Irish Bank Resolution Corporation
- Predecessor: Anglo Irish Bank
- Founded: 1 July 2011
- Defunct: 7 February 2013
- Fate: Placed into liquidation overnight by emergency legislation
- Headquarters: Ireland
- Key people: Alan Dukes (Chairman), Mike Aynsley (Group CEO)
- Owner: State of Ireland
- Number of employees: ▼0 (7 February 2013); 850 (6 February 2013);
- Website: www.ibrc.ie

= Irish Bank Resolution Corporation =

The Irish Bank Resolution Corporation (IBRC) was the name given to the entity formed in 2011 by the court-mandated merger of the state-owned banking institutions Anglo Irish Bank and Irish Nationwide Building Society.

Following a High Court order on the application of the Minister for Finance, Michael Noonan, the Irish government drove through overnight legislation to liquidate the IBRC in February 2013, with the emergency action required given a leaking of plans in the press.

==History==
Irish Nationwide Building Society (INBS) had been effectively nationalised in August 2010, after receiving a €5.4bn government bailout., while Anglo Irish Bank had been taken into state ownership in January 2009. The two institutions had been widely criticised for their role in the risky lending practices that led to the Irish banking crisis.
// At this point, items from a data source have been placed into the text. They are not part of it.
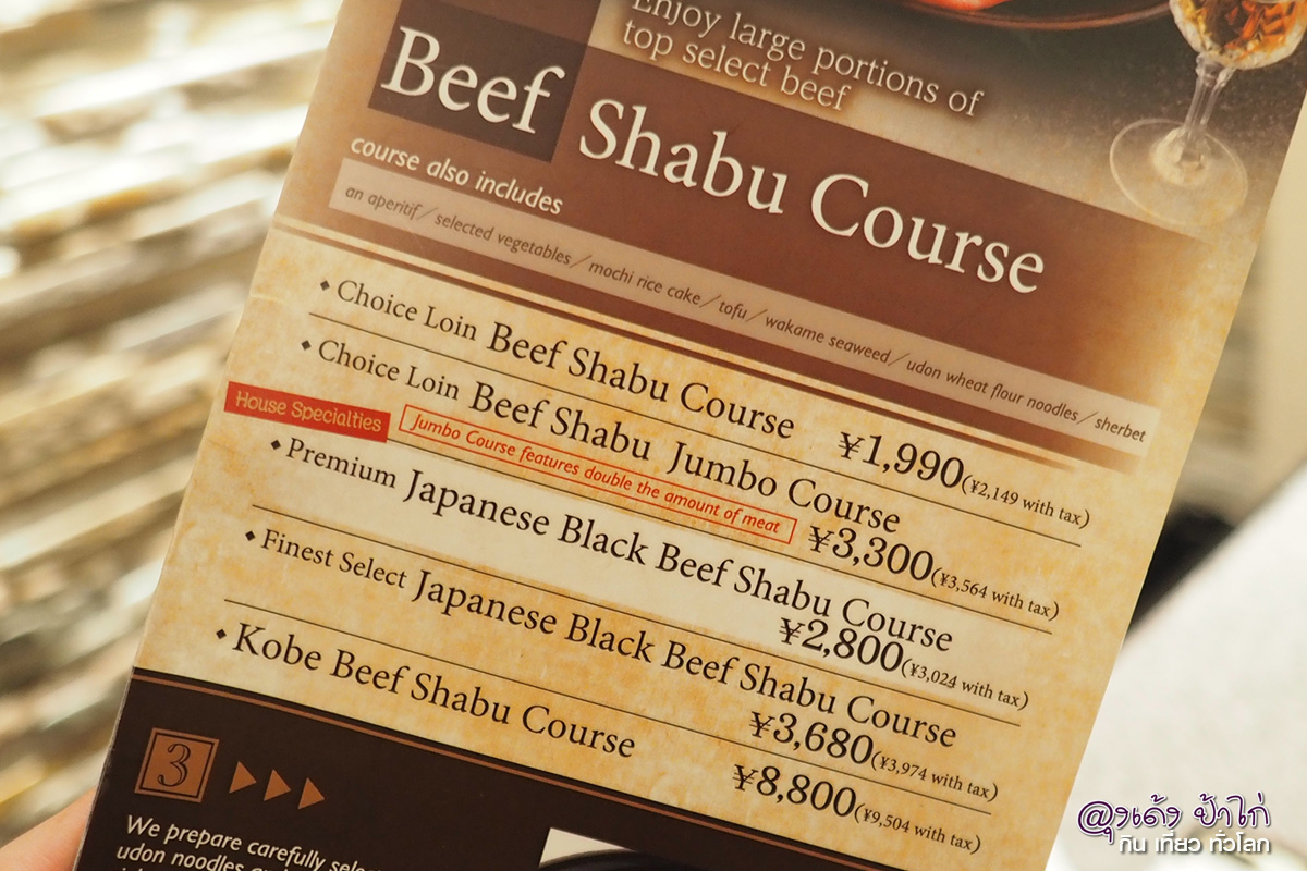 1 เนื้อวากิว (Beef Shabu Course) จานเล็ก 1,990 เยน / จานใหญ่ 3,300 เยน
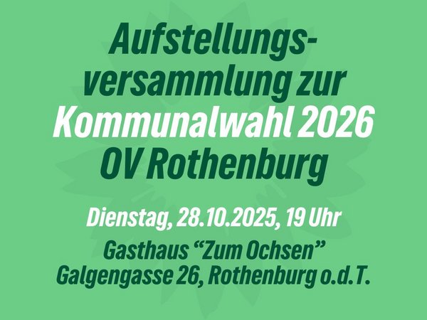 Aufstellungsversammlung zur Kommunalwahl im OV Rothenburg Was: Aufstellungsversammlung zur Kommunalwahl im OV Rothenburg Wann: Dienstag, 28.10.2025, 18/19 Uhr Wo: Gasthaus "Zum Ochsen", Galgengasse 26, 91541 Rothenburg ob der Tauber. Weitere Details und Informationen zur…
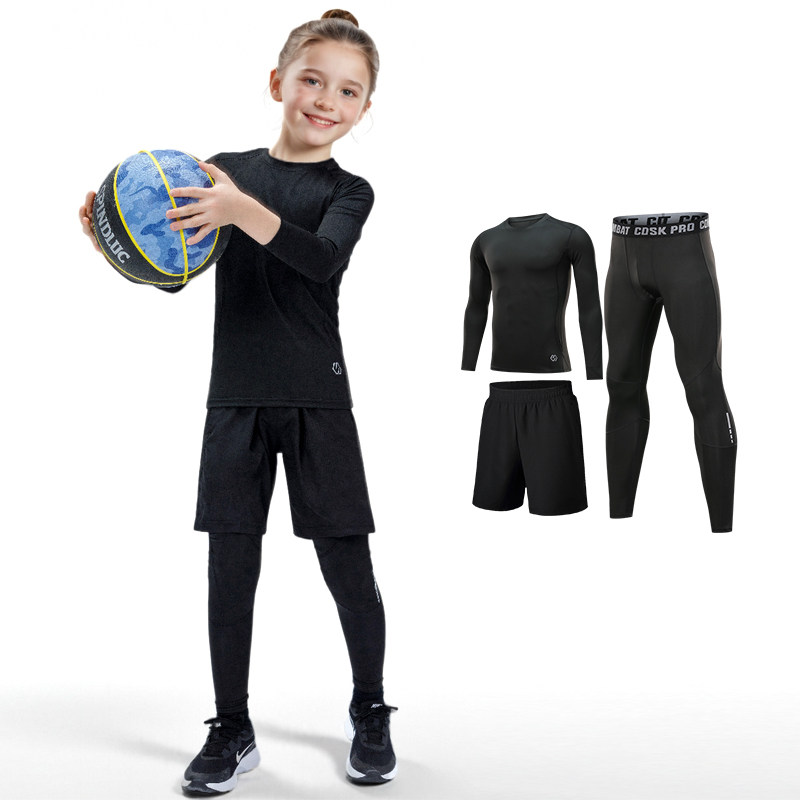 儿童紧身衣训练服速干打底长袖上衣女童瑜伽篮球运动健身衣套装

The removal of both failed banks from the Irish banking system was a key objective for the new Fine Gael-led government. Michael Noonan, the Minister for Finance, made an application to the High Court using his powers under the Credit Institutions (Stabilization) Act 2010, requesting that the assets and liabilities of INBS be immediately transferred to Anglo Irish Bank.

The newly merged entity was named the Irish Bank Resolution Corporation. The Finance Minister stated that the new name was important to remove the "negative international references associated with the appalling failings of both institutions and their previous managements".

==Liquidation==
On 6 February 2013, the board of the IBRC was stood down by the Irish government and replaced by Kieran Wallace and Eamonn Richardson of accountancy group KPMG as Special Liquidators. Michael Noonan introduced emergency legislation to liquidate IBRC, and replace its promissory notes with bonds with an average maturity of 27 years. Dáil Éireann began debating the legislation a few minutes after midnight on 7 February.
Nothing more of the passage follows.